Supplied records —
BEGIN

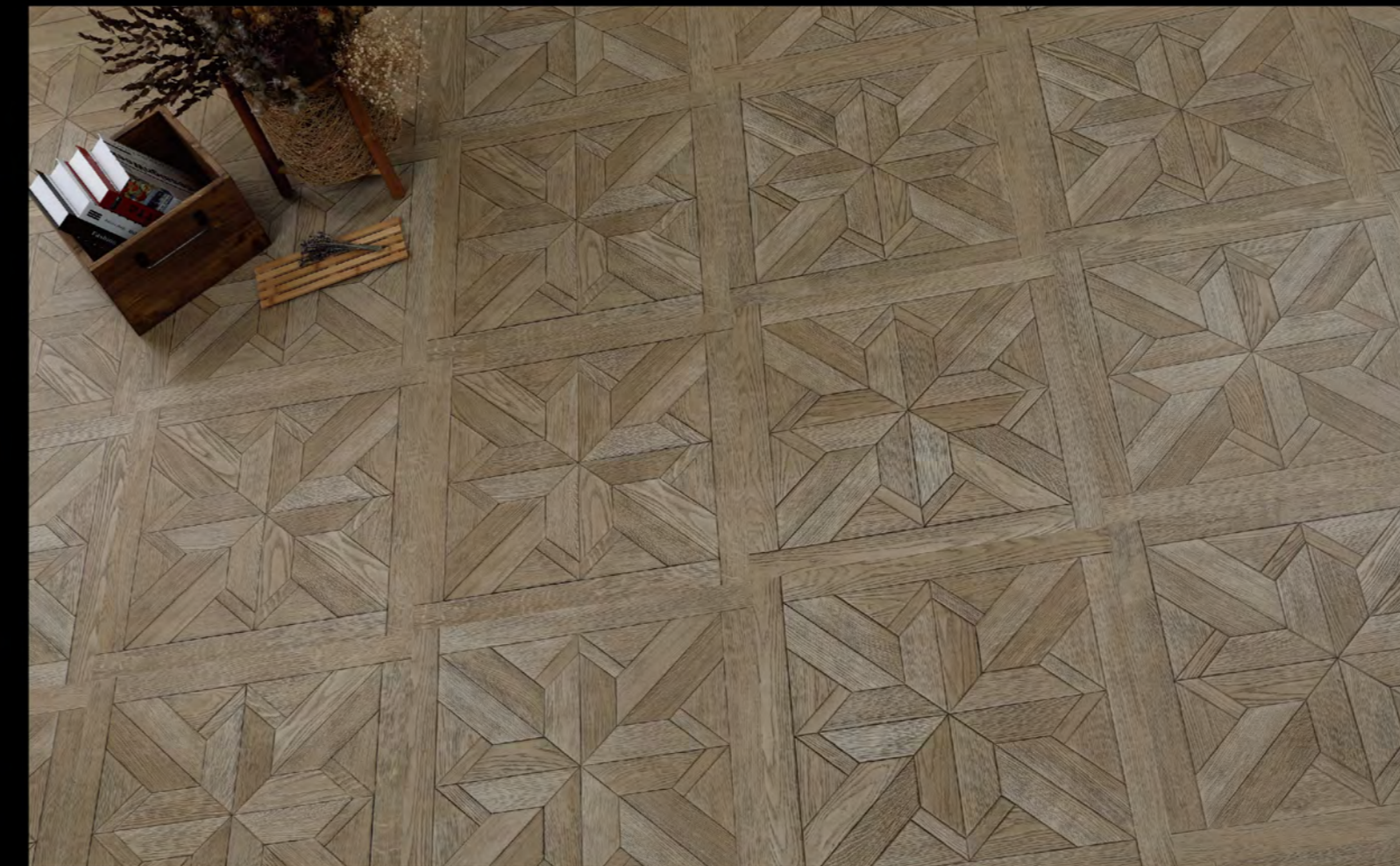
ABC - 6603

END
BEGIN

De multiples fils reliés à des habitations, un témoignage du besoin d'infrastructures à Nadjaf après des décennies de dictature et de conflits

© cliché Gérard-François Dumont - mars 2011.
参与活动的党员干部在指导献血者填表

END
BEGIN

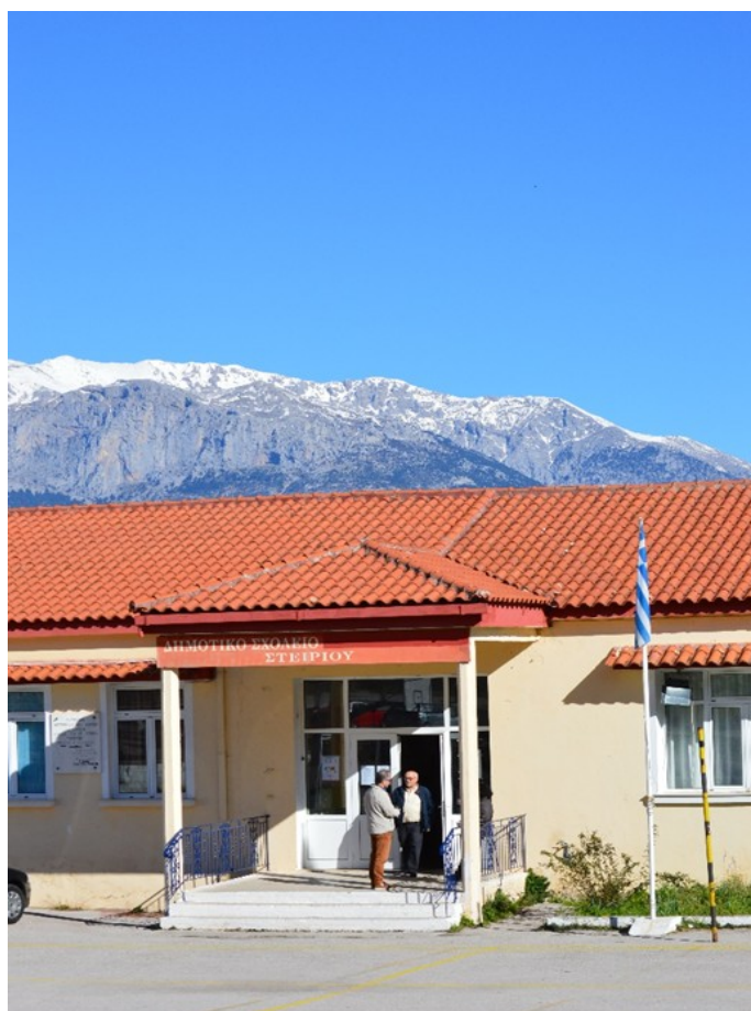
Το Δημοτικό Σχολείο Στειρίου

END

Your assignment — The output should be exactly the lines above from the line containing "- mars 2011." to the line containing "参与活动的党员干部在指导献血者填表", inclusive, with no other lines.

Your solution —
© cliché Gérard-François Dumont - mars 2011.
参与活动的党员干部在指导献血者填表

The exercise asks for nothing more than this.